Suppressed Fermi Level Pinning and Wide-Range Tunable Schottky Barrier in CrX 3 (X = I, Br)/2D Metal Contacts.

CrX 3 (X = I, Br) monolayers exhibit outstanding performance in spintronic devices. However, the Schottky barrier at the CrX 3 /electrode interface severely impedes the charge injection efficiency. Herein, we propose two-dimensional (2D) metals as electrodes to form van der Waals (vdW) contact with CrX 3 monolayers and systematically explore the contact properties of CrX 3 /metal by density functional theory (DFT) calculations. The results demonstrate that the strongly suppressed Fermi level pinning (FLP) effect and the wide-range tunable Schottky barrier can be achieved in CrX 3 /metal contacts. Specifically, the n-type and the p-type Schottky contacts can be realized in CrX 3 /metal contacts by choosing 2D metal electrodes with different work functions.
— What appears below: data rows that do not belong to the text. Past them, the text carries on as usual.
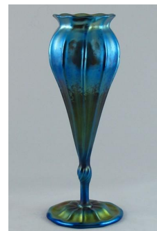
Tiffany iridescent Favrilite Floriform vase, signed, c.1910, £2,250 from Solo Antiques

Opening times: Friday 11 am – 6pm, Saturday 10.30am – 6pm, Sunday 10.30am – 5pm
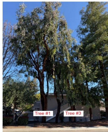
Street view which shows the trees of concern from the street
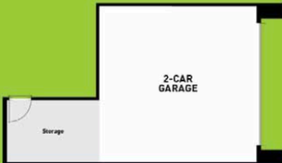
Garage for 3rd Floor
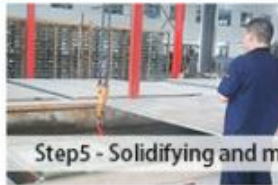
Step5 - Solidifying and molding process of material
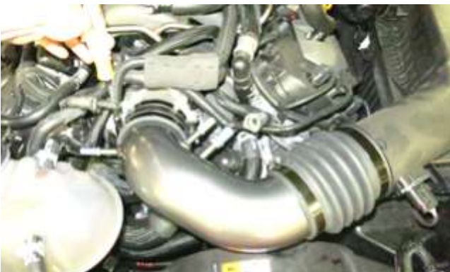
c. Install the intake tube with the coupler and clamps to the throttle body. Torque all clamps to 30 in-lbs.
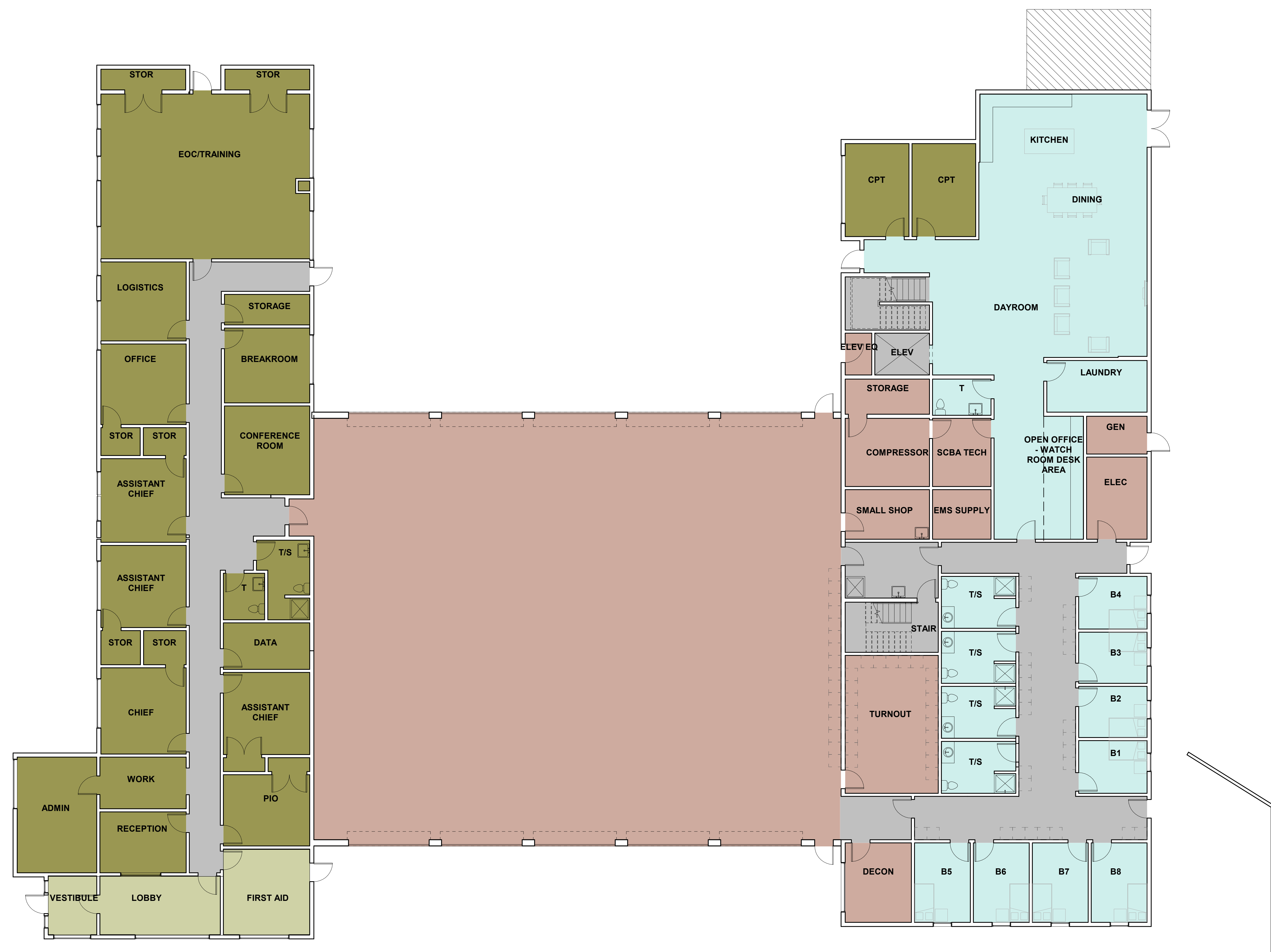
A2.1 FIRST FLOOR PLAN-FLIPPED LIVING SPACE WITH BUMP 1/8" = 1'-0"
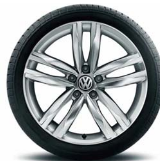
18" Durban wheel
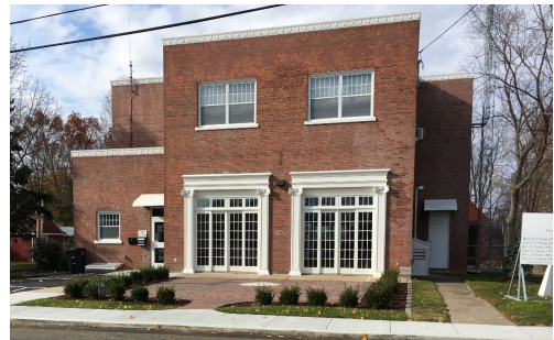
▲ Woodmont Borough Hall, Milford, CT 2,185 s.f. adaptive reuse; $1 million
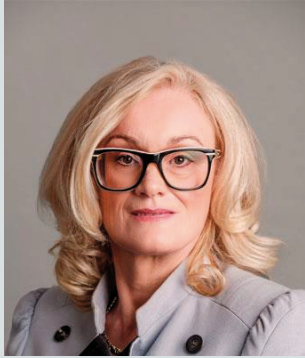
Senator Sharon Keogan Independent
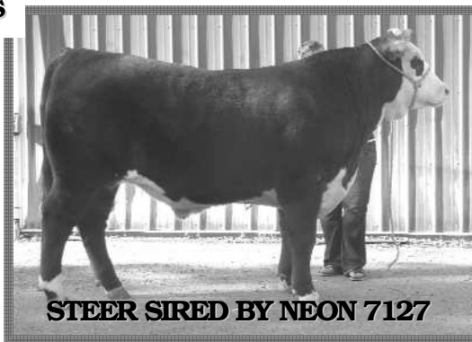
STEER Sired BY NEON 7127
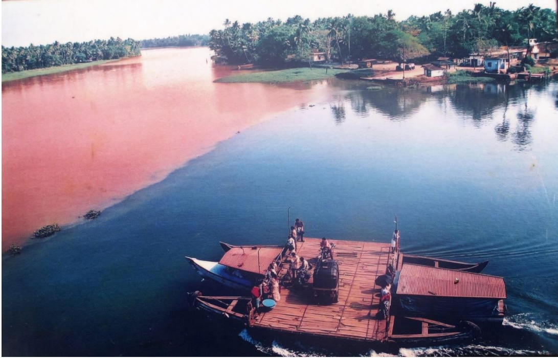
Figure 2: An image depicting the discoloration of River Periyar due to pollution.

An image (Figure 2) of River Periyar from 2005, taken by Sainudheen Edayar, soon became the symbol of industrial pollution in the region and helped in gaining legitimacy for the local fight against industrial pollution. The image represents the reality of pollution by focusing on the intersection of two stretches of River Periyar, one that flows through the industrial section and another. The stretch of River Periyar circling the industrial sector flows in a brick red color, whereas the other flows in green, reflecting the lush green landscape surrounding it. The images of River Periyar taken almost 15 years apart carry striking similarities in terms of the discoloration of the river water.
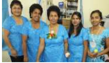
Fiji Day celebrated in style PAGE 4
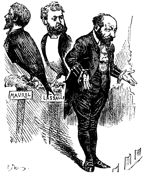
Birds can sing, but wouldn't sing, and couldn't be made to sing, at Covent Garden, Wednesday, July 8.
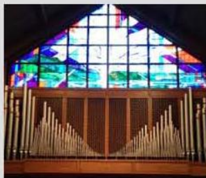
Episcopal Church of the Good Shepherd in Burke, Virginia

New façade, rebuild with additions, 3-manual, 25-rank pipe organ, completed Spring 2012.
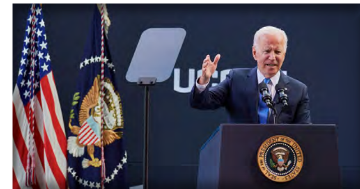
President Joe Biden

“The world is watching,” he said. “Autocrats believe that the world is evolving so swiftly that democracies cannot produce consensus quickly enough to get things done.”
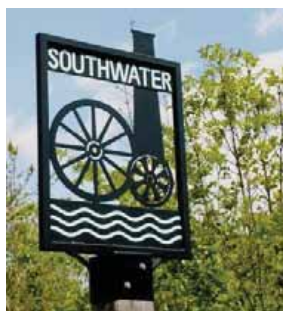
Southwater Parish Council
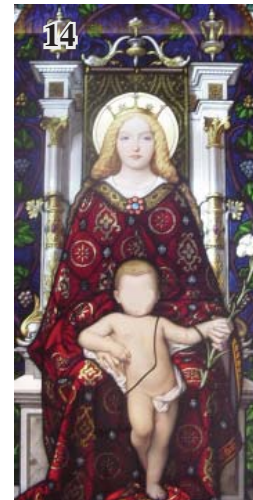
Mary Queen of Heaven in Vatican Museum.

Mary was declared to be the “Mother of God” by the Christian church in the fifth century at Ephesus. This is no coincidence because Ephesus was the home of a magnificent temple to the goddess, Artemis Diana, one of whose titles was “Queen of Heaven”.
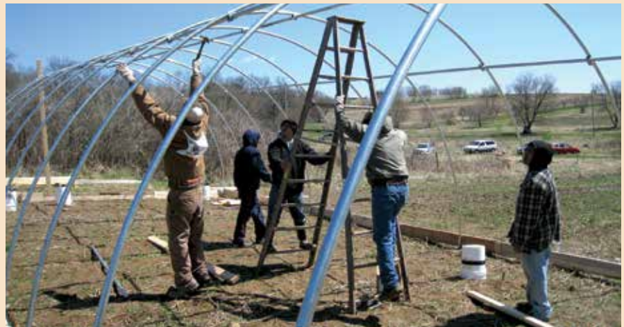
Members of the Spring Rose Growers Co-op build a hoop house to extend the season.
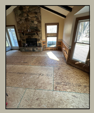
Farm House Renovations
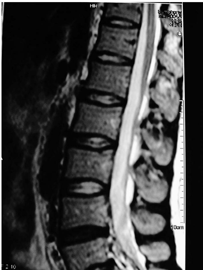
Figure 2. Follow-up spinal magnetic resonance image showing resolution, taken 1 year later when symptoms had resolved.

Acute transverse myelitis may be an isolated entity or may occur in the context of a multifocal or even a multisystemic disease (12). In this case, 2 different factors (Behçet's disease and vaccination) may explain the etiology of ATM. Carod-Artal et al (13) and Olson et al (14) reported cases with myelopathy at the level of the conus medullaris due to Schistosoma mansoni . Longitudinal involvement of the spinal cord including the conus medullaris level due to systemic lupus erythematosus-related transverse myelitis has been reported (15,16). However, it has not been reported with Behçet's disease or after rabies vaccination. Only one case with isolated myelitis of the conus medullaris due to vaccination against tetanus-poliomyelitis was reported by Abdennebi et al (4).
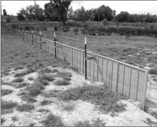
Figure 2. A corrugated steel barrier, partially installed.

was 490 m (SD = 312 m, range = 138–1161 m). The average height was 73 cm (SD = 16 cm, range = 40–95 cm).
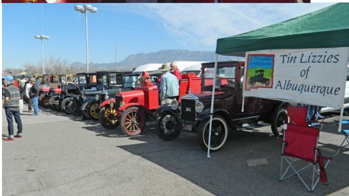
Shade was a necessity from the hot sun

Importantly, the pinning factors for CrX 3 /metal contacts are exceptionally larger than other commonly studied 2D semiconductors, indicating the strongly suppressed FLP in CrX 3 /metal contacts, which leads to the wide-range tunable Schottky barrier. Our findings provide guidance to the choice of electrodes and promote the development of CrX 3 -based spin devices.